監督:ホン・サンス
出演:イ・ヘヨン、チョ・ユニ、クォン・ヘヒョ、キム・セビョク、シン・ソクホ、ソ・ヨンファ、イ・ユンミ、カン・イソ、キム・シハ
原題:당신얼굴 앞에서
制作:韓国/2021
URL:https://mimosafilms.com/hongsangsoo/
場所:ヒューマントラストシネマ有楽町

ホン・サンス監督が次に組んだ女優はイ・ヘヨン。1960年代の韓国映画界で活躍したイ・マンヒ監督の娘であり、今までさまざま作品に出演してきたキャリア40年の女優であることを映画を観終えたあとに知った。そして、ホン・サンス監督の母親チョン・オクスクは、イ・ヘヨン監督の1968年の映画「休日」のプロデューサーであったと云う繋がりもあとから知ったのだった。そう考えるとこの映画はイ・ヘヨンのために作られた映画で、昨今、国際的にも認めらる韓国映画の礎を築いた人たちへのオマージュと云った意味合いもあるんじゃないのかとちょっと考えてしまった。

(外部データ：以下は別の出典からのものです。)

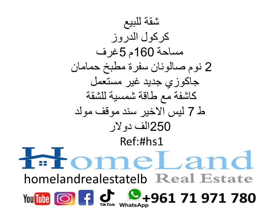 شقة للبيع كركول الدروز 2 نوم صالونان وسفرة مطبخ حمامان ط 7 بناء جيد 160 متر بئر موقف مولد 250 آلف دولار مكتب عقاري للتواصل تلفون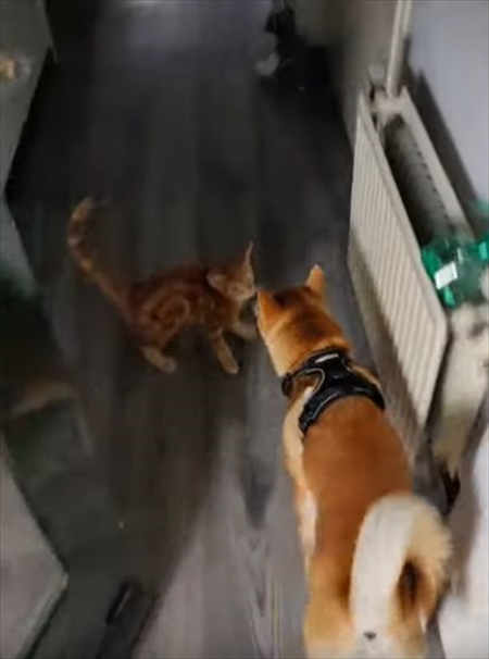 場所はオランダのとあるご家庭。柴犬のシェルビーが散歩から帰ると、待ち構えていたのは生後10週の子猫シンバ。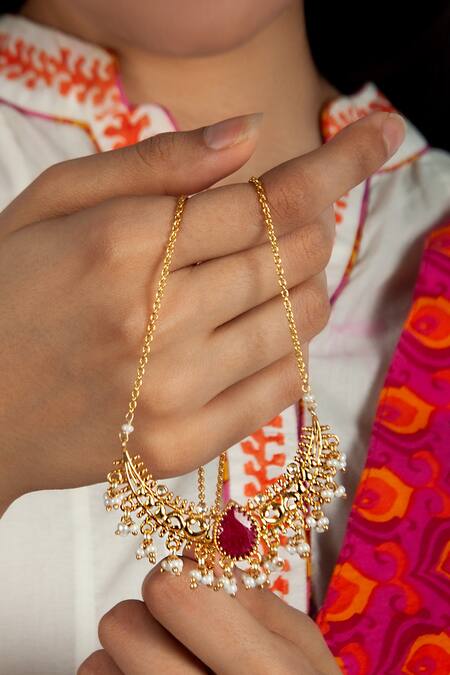 Cutwork details enhancing the design, Embellished with a central ruby stone, Delicate pearl accents throughout the necklace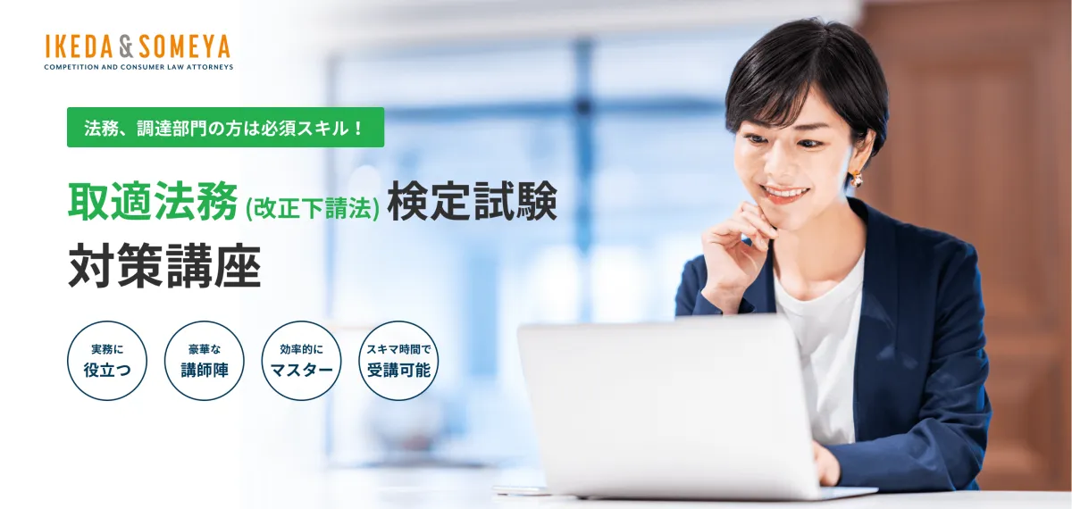 新講座では、改正された法令の詳細をしっかりと反映しており、受験生だけでなく、実務担当者にとっても大変有用な内容となっています。公正取引委員会での経験を持つ弁護士が講師となり、実務上の留意点をしっかりと解説します。特に、取適法の内容を体系的に学びたい方にはうってつけの講座です。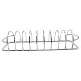 - Diseño robusto de acero inoxidable: este estante para costillas está fabricado con acero inoxidable resistente que resiste altas temperaturas mientras mantiene su forma en numerosas parrillas.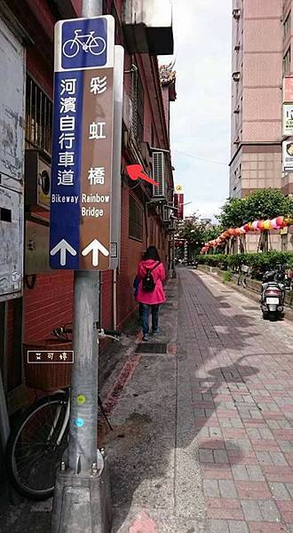 第一個右轉的路就可以轉且直走到底就是彩虹橋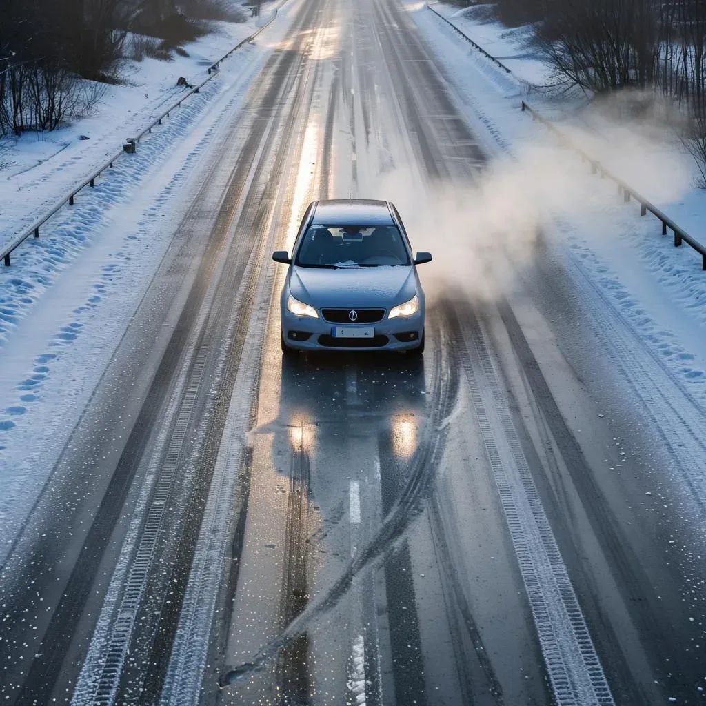 Гололед и снежный накат на зимней дороге, вызывает вероятность юза и заноса — а это самое опасное увеличение тормозного пути.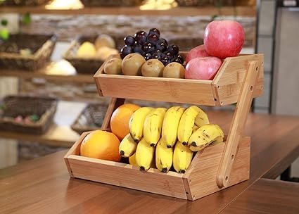- Design:Modern and elegant double wooden shelf, perfect for kitchen and dining table, Two levels for storage

『あなたの顔の前に』は、アメリカから韓国の妹のもとに帰ってきた元女優サンオクの一日を、ホン・サンス得意の食事での会話シーンで繋いで行って、カフェ→トッポッキ店→飲み屋での中華料理と、食べる場所を移しながら、交わる相手を変えながら、次第にサンオクの現状が明らかになって行く映画だった。

冒頭に「私の顔の前にある全ては神の恵みです。明日はありません。過去もなく明日もなく、今この瞬間だけが天国なのです。天国になりえます」と云うモノローグを持ってきて、この宗教的なセリフに少し戸惑いながらも、でも次第にこのような言葉を吐くサンオクの気持ちが、切実に、ではなくて、緩やかに理解できて行く流れが気持ちよかった。

最近はガチャガチャしている映画が多いので、このような静かに流れる映画は貴重だ。